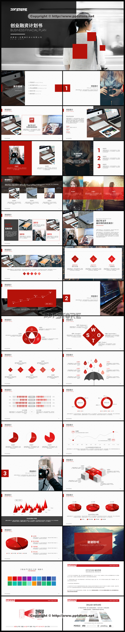 【中文】清新商业计划书模板(红+蓝+占位符)
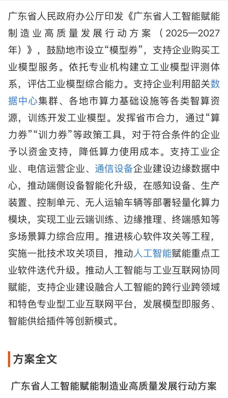 广东:支持工业智能算力应用培育工业软件和智能装备
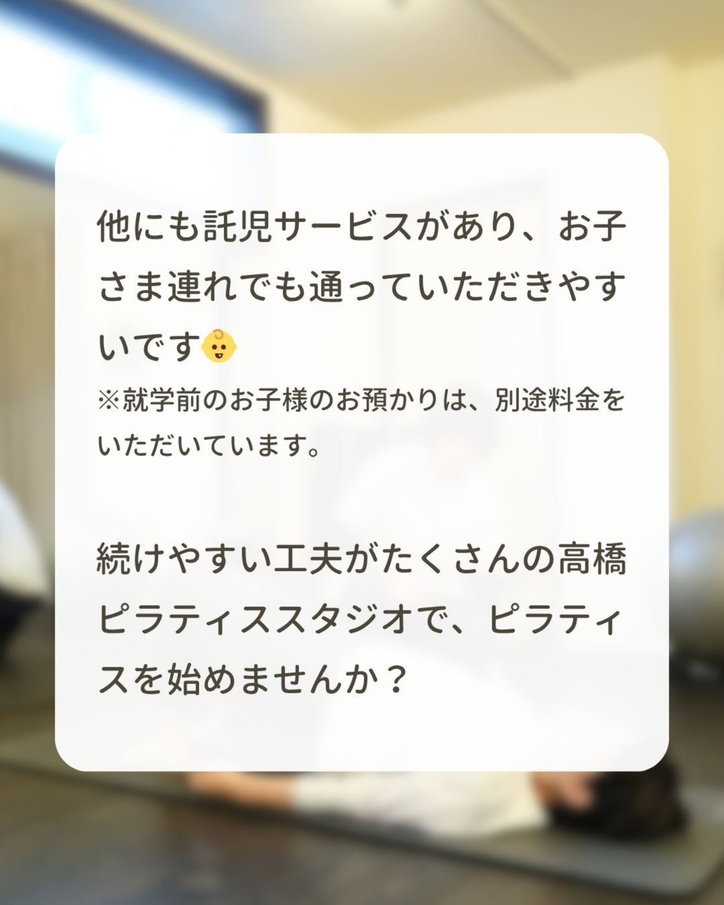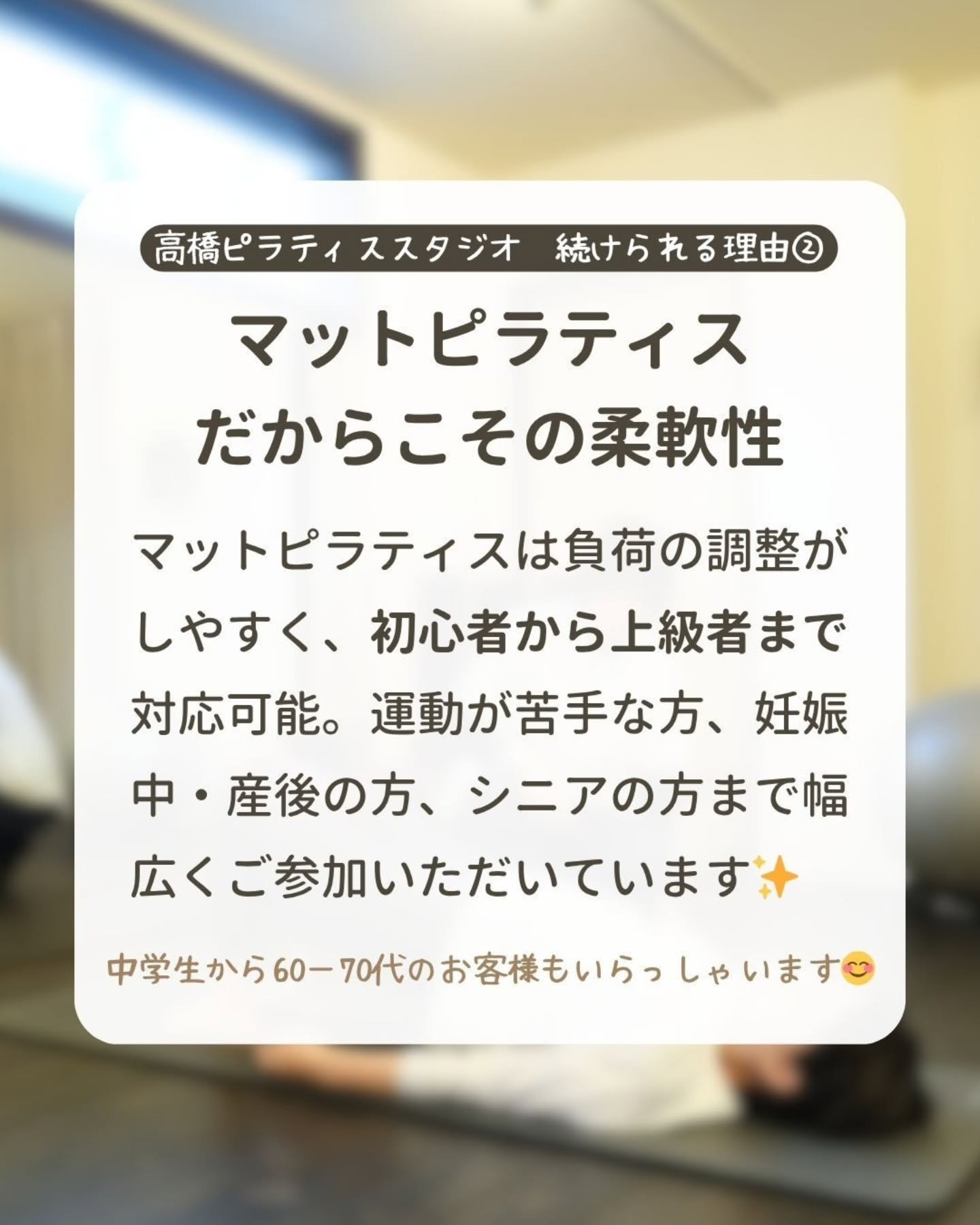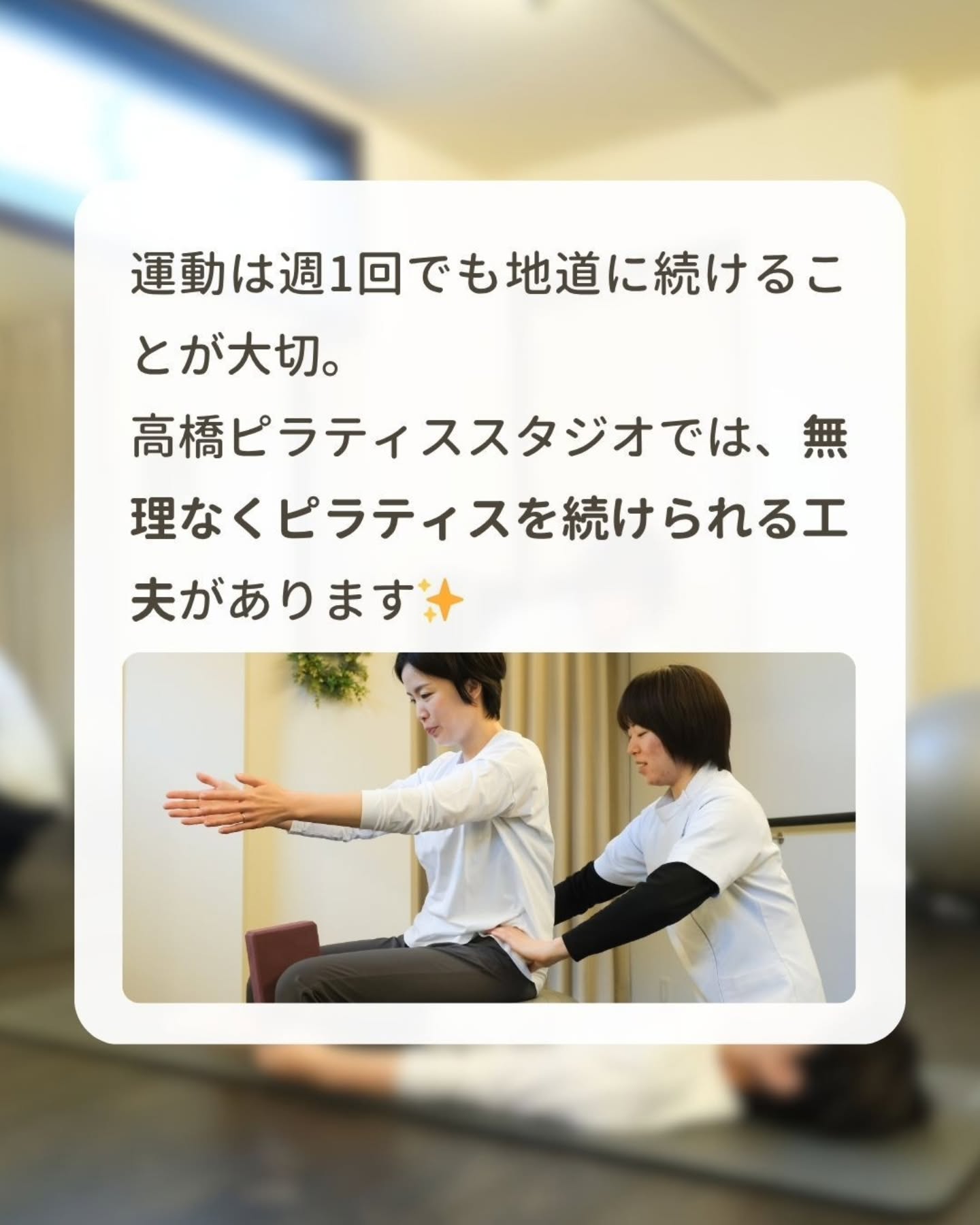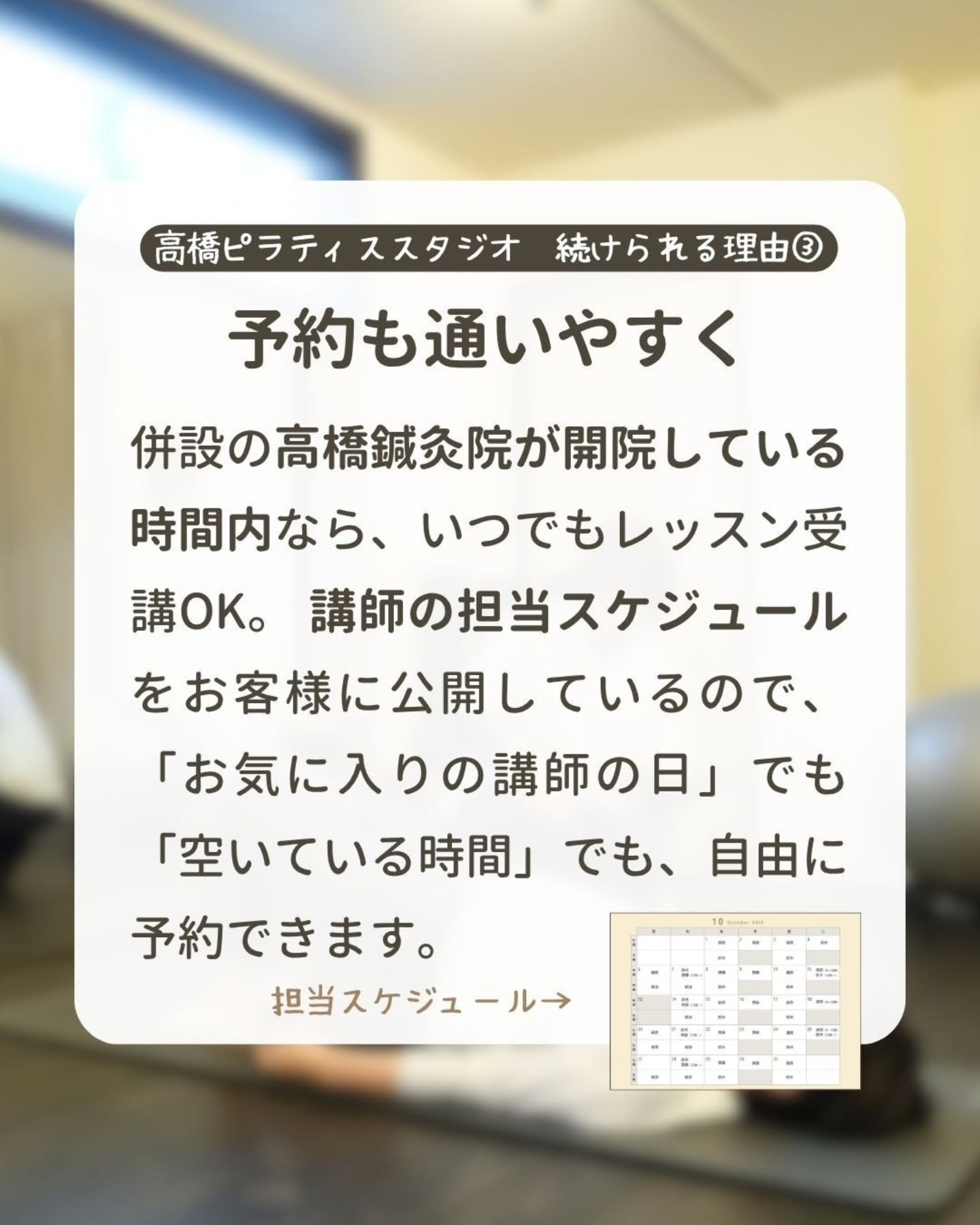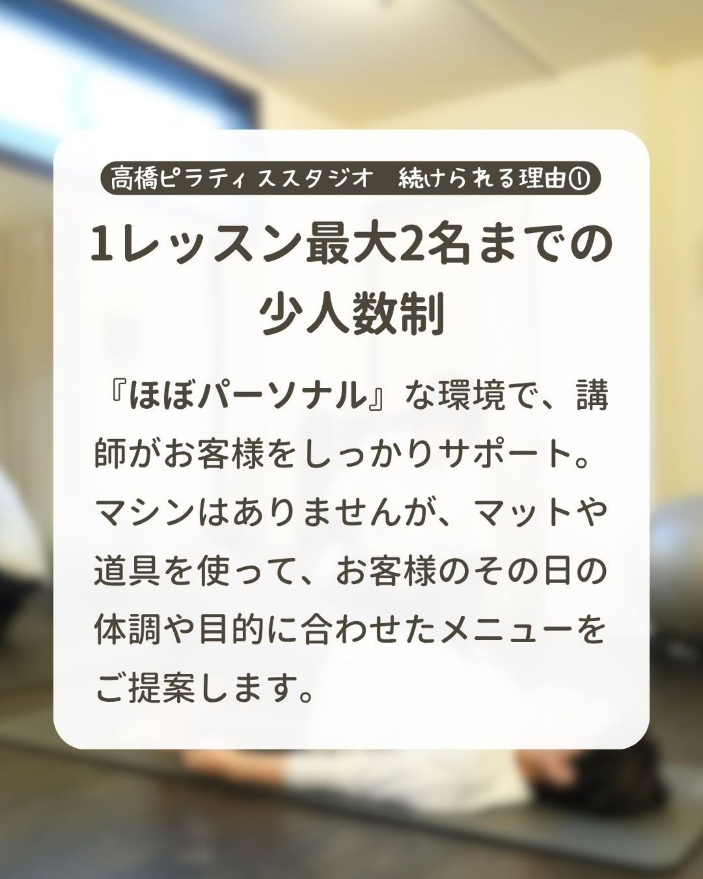 高橋ピラティススタジオは、無理なくピラティスを続けられる工夫があります!
──────────
Exercise description:
Repeat all of the material above exactly, leaving out pictures.

Solution to this problem:
 【中文】清新商业计划书模板(红+蓝+占位符)
 广东:支持工业智能算力应用培育工业软件和智能装备
 高橋ピラティススタジオは、無理なくピラティスを続けられる工夫があります!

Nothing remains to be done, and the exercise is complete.